Virgin Mobile originally offered pay-as-you-go contracts, but in October 2019 these were closed to new customers and tariffs were increased for existing customers.

On 6 November 2019, it was announced that Virgin Mobile would end their 20-year contract with BT and EE, and would use Vodafone's network from 2021, initially for five years. From January 2021 new customers were connected to the Vodafone network, and it was reported that existing customers would be moved from EE to Vodafone by early 2022. However, following the mid-2021 merger, Virgin Media O2 stated that notice to cancel the MVNO agreement had been given, and that the company intended to bring all consumer mobile services onto the O2 network.

=== Merger with O2, and closure ===
In May 2020, it was announced that the owner of Virgin Mobile, Liberty Global, was in talks with Telefónica, owner of the O2 network, to merge the two companies. Following approval by the Competition and Markets Authority, the merger to form Virgin Media O2 was completed on 1 June 2021. Virgin Media said that Virgin Mobile customers would see no immediate changes.
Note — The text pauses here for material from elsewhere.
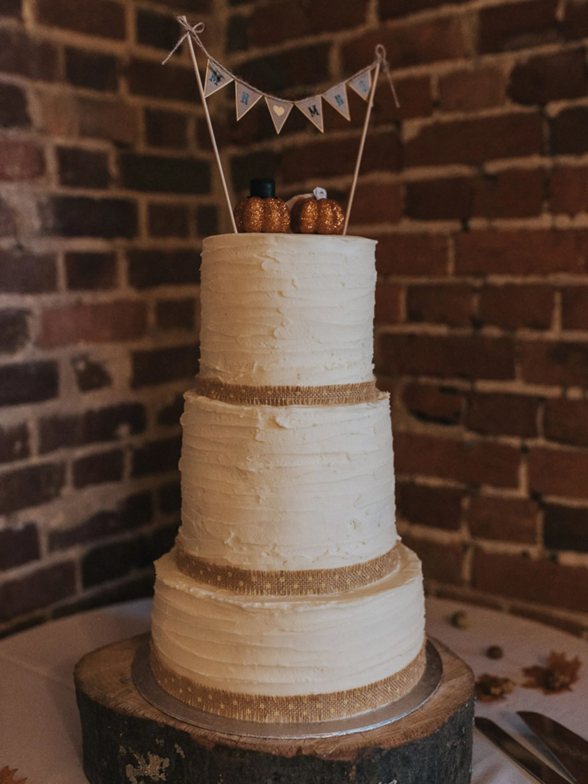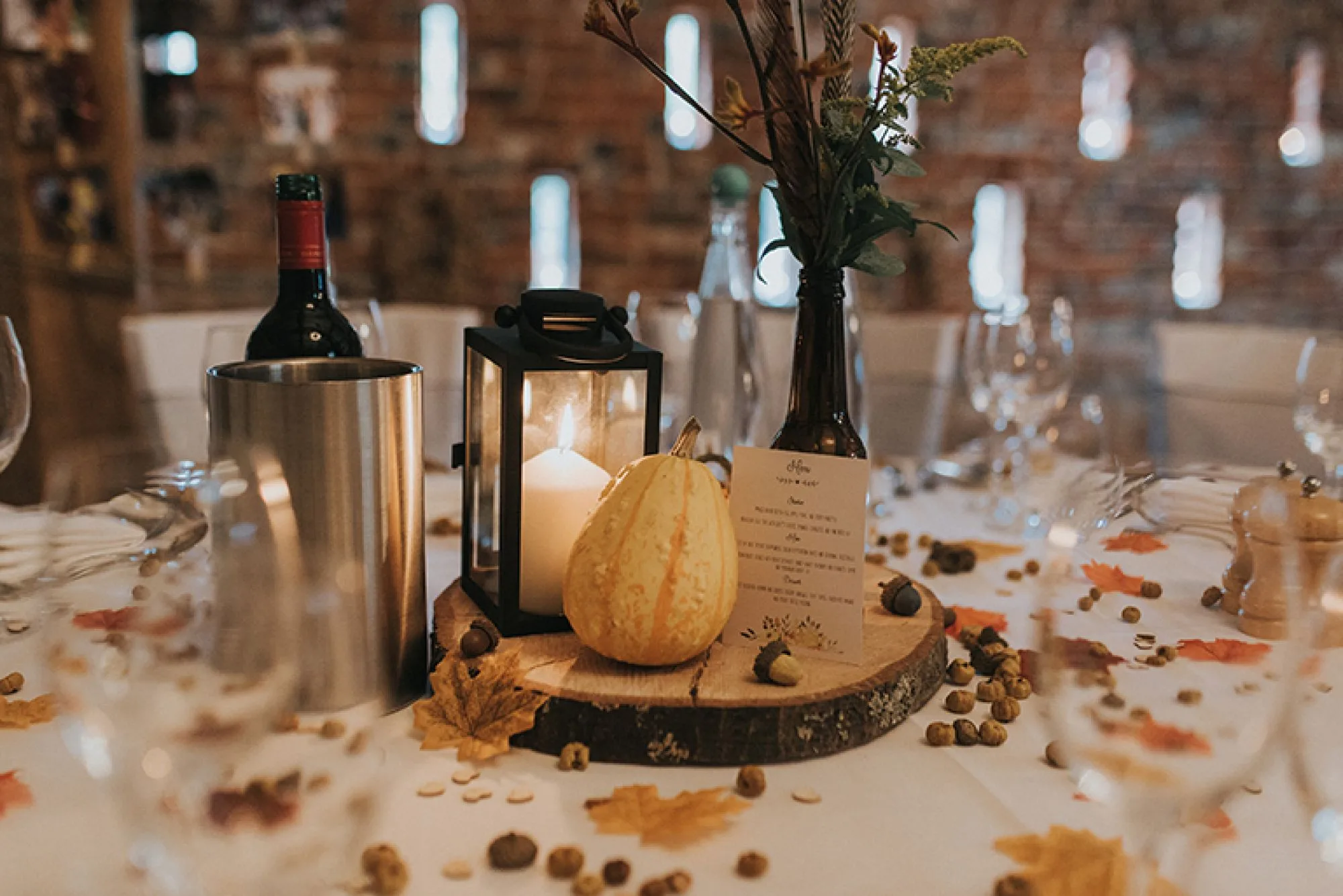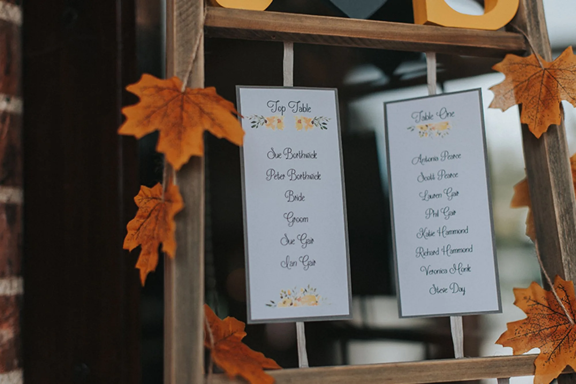“We had glittery pumpkin toppers for our cakes, a photo ladder transformed into a table plan and signage painted in our yellow theme. We also had a photo montage, home grown gourds scattered around the venue and beautiful red oak leaves in our centrepieces.” – Jenny

In January 2021, Virgin Media launched 5G services using the Vodafone network. Later that year, the company announced that their pay-as-you-go service would be discontinued between October 2021 and January 2022. The transfer of all Virgin Mobile customers from the Vodafone network to the O2 network was completed in 2022.

In January 2023, it was confirmed by Virgin Media O2 that Virgin Mobile would close, with all customers moving from Virgin Mobile to O2; migration started in March 2023 and was completed in August 2023. On 31 August 2023, sales of new Virgin Mobile SIM only and device plans were stopped and the network ceased operations.